Ouais, en gros, ce gars est un haineux hautain - un peu comme moi après sa remarque. Excuse-moi connard qui vient de s'allumer une cigarette et qui a craché son chewing-gum par terre. (Et il croit vraiment que ses chewing-gums vont lui donner bonne haleine?) J'ai préféré arrêter la discussion à ce stade pour ne pas me gonfler de rage. Déjà qu'il me regarde mal, maintenant il se permet de sous-entendre que je suis une consommatrice conne. J'ai le droit de prendre des chewing-gums que j'aime. Quelles sont donc les limites du jugement des autres sur les gens ?

- Tu t'appelles comment ? demande-t-il au bout d'un certain temps.

Je suis en train de jouer avec le sucre renversé offert avec le café lorsqu'il me prend de court avec cette question. Alors là, un haineux qui veut socialiser, c'est rare.

- Rosalie, répond Rosa' qui est persuadée d'être le sujet de l'attention.

Son rire moqueur s'entend brièvement et il retourne à ses occupations sur son portable en appuyant sur son regard lorsqu'il croise mes yeux un quart de seconde.

Je prends mon air détaché lorsqu'il commande une bière. OK, ça prend des bières aux happy hours à 17h un mardi, bah bravo la jeunesse.

- Et mais je la connais elle ! déclare Lucien en pointant du doigt grossièrement une jolie nana assise à l'autre café d'en face.

Je louche sur la personne un bon nombre de fois avant de la reconnaître. C'est Delphine. La grande sœur de Barnabé. Ou la fiancée de mon autre cousin. Tout le monde la connaît au lycée même si elle n'y est plus. Une vraie Basquin. Trop jolie.

Lucien nous lâche pour aller la voir et Malo se retrouve seul face à trois filles dont une des trois a terriblement faim. Faim de quoi ? C'est encore à réfléchir.

- Ambre, arrête de faire des châteaux de sucre, faut grandir quand même un jour ! gronde la rousse en gloussant.

Ma petite colline de sucre s'effondre lorsqu'elle souffle dessus.

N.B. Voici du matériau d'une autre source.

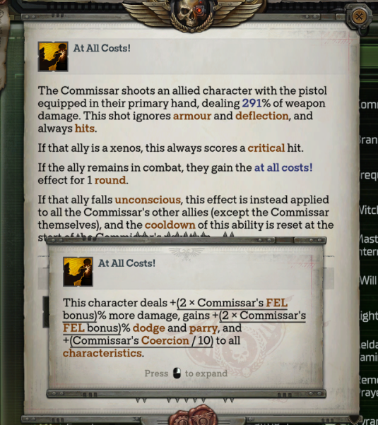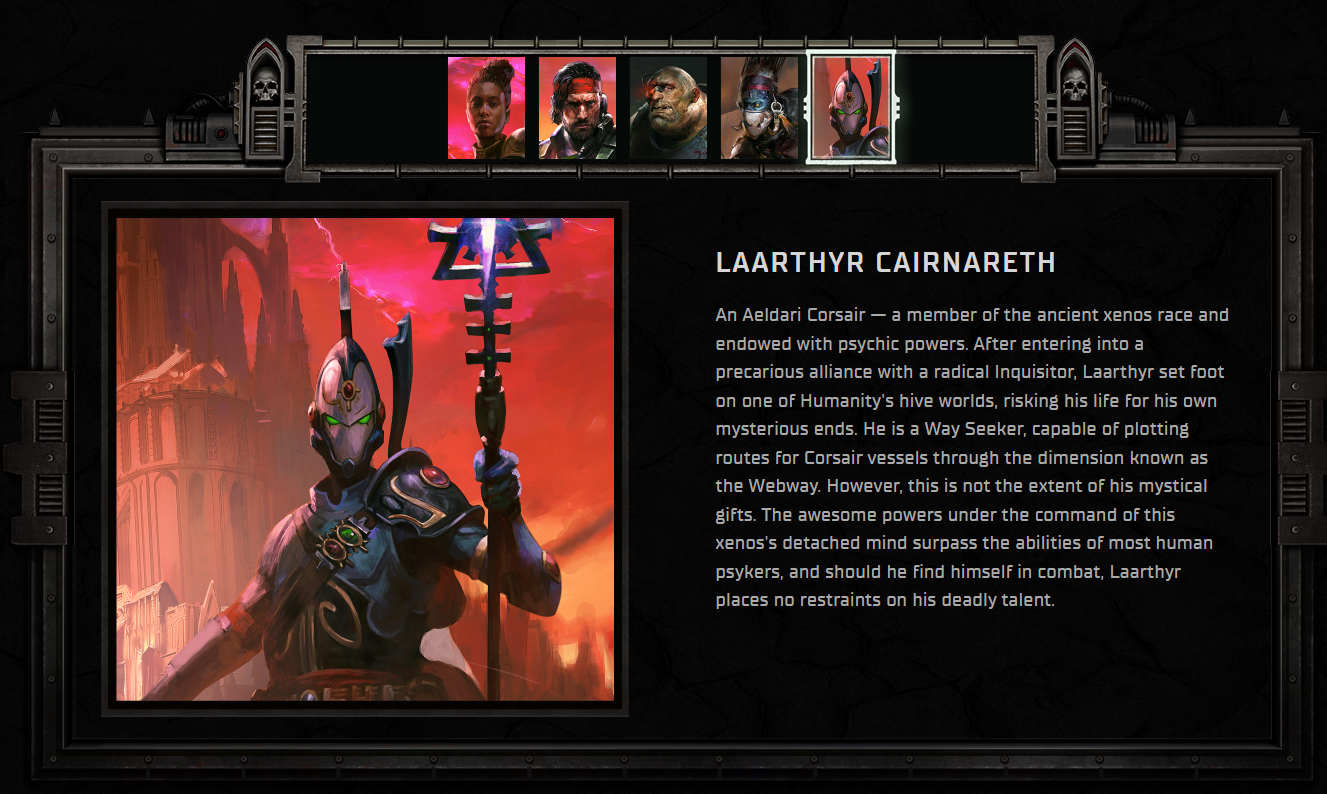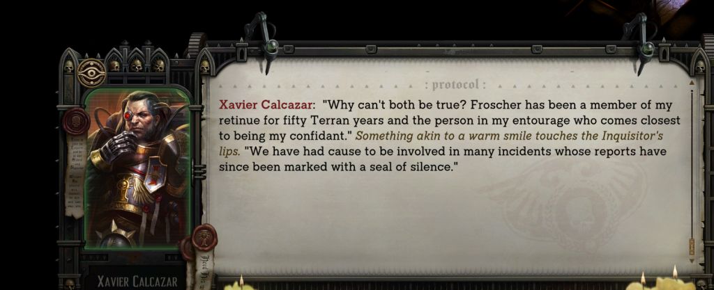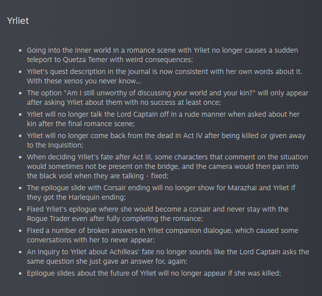 >>543560596This should happen if you give Yrliet to Jimmy>Abandoned by the elantach to the custody of Heinrix van Calox, Yrliet was subjected to a most thorough interrogation.>Van Calox determined that this xenos could best be exploited as his personal assistant and advisor under strict supervision.>They proved to be an effective team, destroying many enemies of humanity and uncovering many useful xenos relics.>Over the years, he came to trust and rely on her, and she on him.>When Van Calox, now Lord Inquisitor, departed the Koronus Expanse for parts unknown, it was his faithful Yrliet who accompanied him.

Je fusille Rosalie du regard et entend le rire moqueur ignoble de l'autre con, assis juste à côté.

Et bah mince, il connaît mon prénom.

Je les quitte cinq minutes plus tard, après avoir reçu un appel à l'aide de mon petit frère qui n'a pas ses clefs. Je tape la bise aux filles et hésite un long moment à le faire au nouveau mais me ravise au dernier moment. Il n'avait pas qu'à se moquer de moi toutes les 6 secondes.

Mes deux amies m'ont fait coucou de loin comme on aime le faire et Malo est resté concentré sur son portable. Ma première impression de lui est pas terrible. Ça sert vraiment à rien d'être beau quand on n'est pas assez intelligent pour être sympa avec les autres. Et puis, ça m'exténue de devoir ignorer chacune de mes émotions.

Actuellement, je n'en peux plus. Traîner avec des inconnus me rend confuse et puis, j'ai encore des tonnes de devoirs à faire. Les Allain comptent sur moi et ce week-end Gustave revient au bercail avec son petit-ami pour deux jours. J'ai hâte de l'entendre conter ses exploits tataviens.